Clinical and Endoscopic Findings
Due to the slow growth and the high vascularization of the tumor, unilateral nasal obstruction and epistaxis are the most frequent presenting complaints (DuLGuerov et al. 2001). Additional signs and symptoms are usually suggestive for an advanced-stage tumor. Olfactory neuroblastoma may also produce vasopressin, thus causing the syndrome of inappropriate antidiuretic hormone secretion (Osterman et al. 1986; Ahwal et al. 1994), characterized by hyponatremia without edema and increased urinary sodium loss (Vasan et al. 2004).

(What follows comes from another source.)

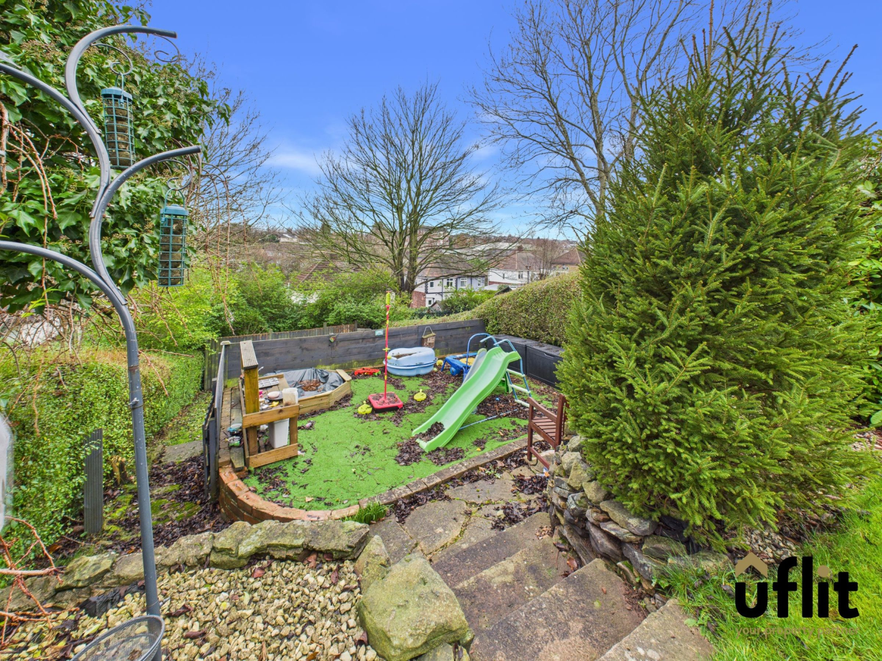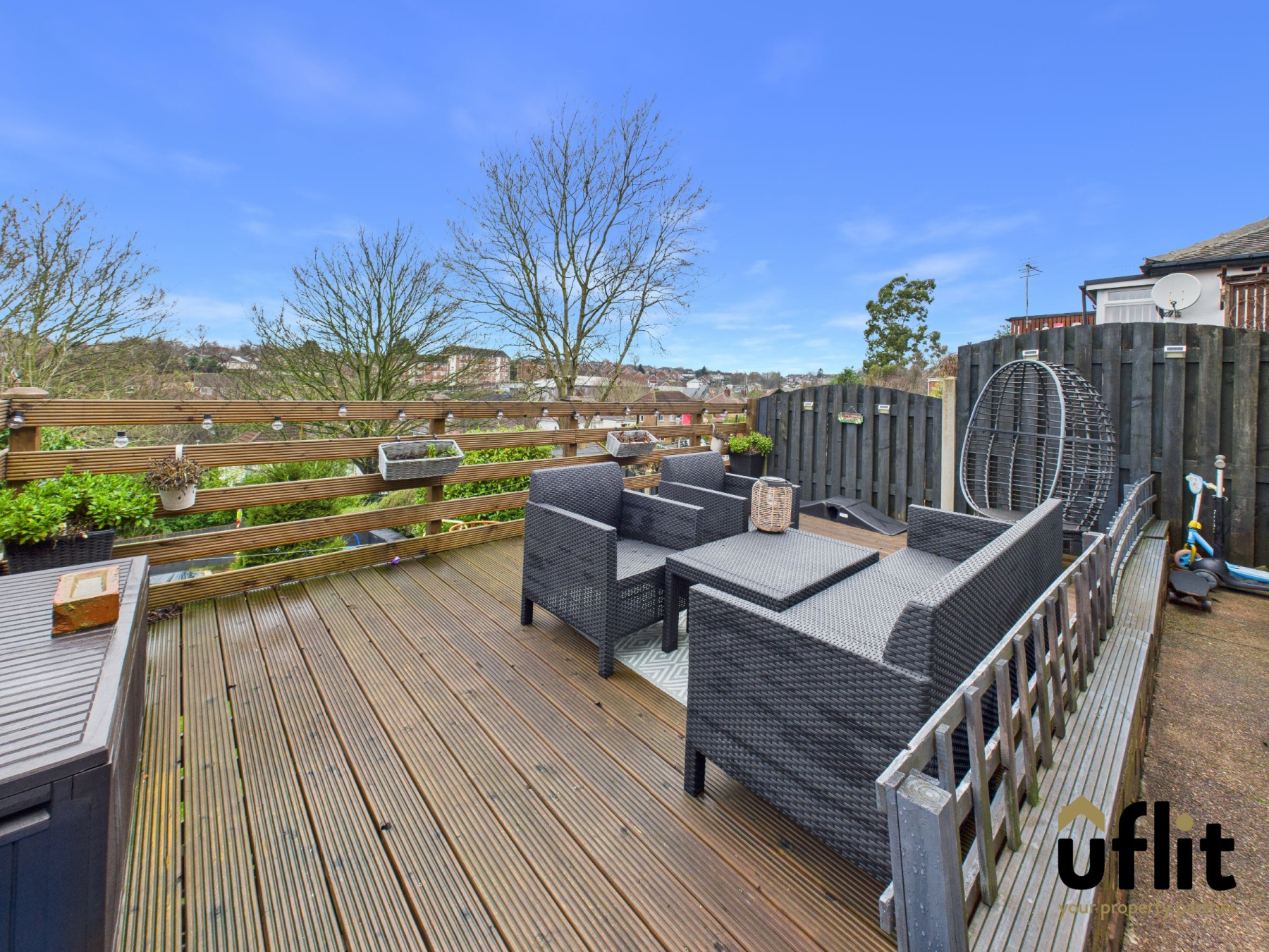 Externally, the property offers a driveway providing off-road parking for two vehicles. To the rear is a fully enclosed, four-tier garden featuring a combination of seating areas, lawned sections and play space, ideal for families and entertaining.

Palpable cervical nodes may be present at diagnosis. According to Levine et al. (1999), the rate of patients with nodal metastasis increases from 6% to 25% when the entire clinical history of patients is considered. These data are in keeping with those from Rinaldo et al. (2002a) and Ferlito et al. (2003), who extensively reviewed the literature and found an overall rate of lymph node metastases (synchronous and metachronous) from olfactory neuroblastoma of approximately 23%. At endoscopy, olfactory neuro-blastoma appears as a broad-based, highly vascularized mass, with polypoid appearance. It usually has an irregular, lobulated surface and a color varying from gray to red (Walch et al. 2000). Particularly in the early stages, the mass is typically confined to the olfactory cleft, but more advanced lesions frequently extend through the upper part of the nasal septum to involve both nasal fossae.